Bond order is always based upon \[C - C\] type of bond, \[C - C\] triple bond will always have a higher bond order and shortest bond length.

\[C - C\] Single bond will always have a lesser bond order and longest bond length.

As to compare bond order, we need to find out bond order.
For${C_2}{H_2}$, (Ethyne)


The carbon-carbon bond in ethyne is a triple bond, six electrons are shared in the triple bond.
Bond order will be \[3\].

For${C_2}{H_4}$ (Ethene)


The carbon-carbon bond in ethene is double bond, two electrons are shared in the double bond.
Bond order will be \[2\].

For${C_2}{H_6}$ (ethane)


The carbon-carbon bond in ethane is a single bond, two electrons are shared in the single bond.
Bond order will be \[1\].
By comparing the above three compounds we can conclude that the B.O of carbon-carbon bond ${C_2}{H_2}$ is highest.

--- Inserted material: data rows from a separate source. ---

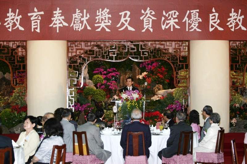 馬英九總統今天上午前往陽明山中山樓出席「97年慶祝教師節午宴」,除致詞感謝全國教師對教育的無私奉獻,親自頒贈優良教育貢獻獎座之外,並與行政院劉院長共同向全國教師們鞠躬致意,感謝他們的辛勞與付出。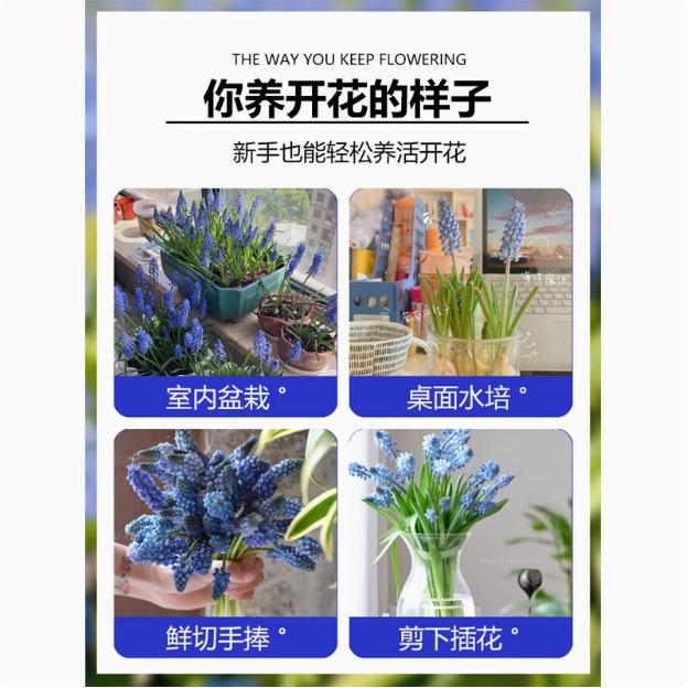Bulbos de Jacinto de Uva Hidropónico Kit de Plantación en Tierra Resistente al Frío Fácil de Cultivar Floración de Cuatro Estaciones Interior Balcón Maceta Semillas de Flores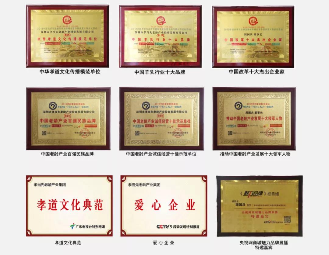 孝當(dāng)先集團(tuán)堅(jiān)信誠(chéng)信和孝道都是中華民族優(yōu)秀傳統(tǒng)文化,自2015年成立迄今,作為領(lǐng)域創(chuàng)新實(shí)踐者,因先進(jìn)產(chǎn)業(yè)理念及溫度品牌文化飛速崛起并覆蓋全國(guó)。圍繞“老齡公益、社區(qū)養(yǎng)老、孝道商學(xué)院、老年旅游、養(yǎng)老地產(chǎn)、養(yǎng)老基金、互聯(lián)網(wǎng)”七大板塊,立志助力中國(guó)智慧養(yǎng)老產(chǎn)業(yè)全價(jià)值鏈發(fā)展平臺(tái)大力發(fā)展為主旨,孝當(dāng)先集團(tuán)早于2017 – 2018年,便已先后榮獲 “中國(guó)老齡產(chǎn)業(yè)百?gòu)?qiáng)民族品牌”“中國(guó)老齡產(chǎn)業(yè)誠(chéng)信經(jīng)營(yíng)十佳示范單位”“中國(guó)羊乳行業(yè)十大品牌”“中華孝道文化傳播模范單位” “CCTV央視魅力品牌”等榮譽(yù)。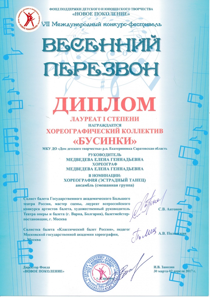 Звание Лауреата 1 степени и статуэтка Золотой звезды стали наградой за дисциплину и труд юных танцовщиков. Наши «Бусинки» стали единственным коллективом в номинации «Хореография», приглашенных для участия в Гала-концерте конкурса, который состоялся 02 апреля. Став обладателями призового места, коллектив получил право на участие в конкурсе Финал проекта «ЛУЧШИЙ ИЗ ЛУЧШИХ», который состоится в июле на Черноморском побережье. Мы искренне благодарны главе Екатериновского муниципального района Сергею Борисовичу Зязину за финансирование поездки, начальнику управления культуры Светлане Николаевне Иванушкиной за чуткость и отзывчивость, водителю АТП Сергею Брагину за профессионализм. От лица директора «Дома детского творчества» Т.В. Михайловой выражаем огромную благодарность родителям детей коллектива «Бусинки» за инициативу, поддержку и замечательное воспитание своих детей.

So, according to the relation between these two ${C_2}{H_2}$ will have the shortest carbon-carbon bond length.
Therefore, option A is correct.


Note:
Bond order tells us about the number of bonds between two atoms in a molecule. Atoms and molecules may form bonds in which they share more than two electrons. Bond length or bond distance can be defined as the average distance between nuclei of two bonded atoms in a molecule.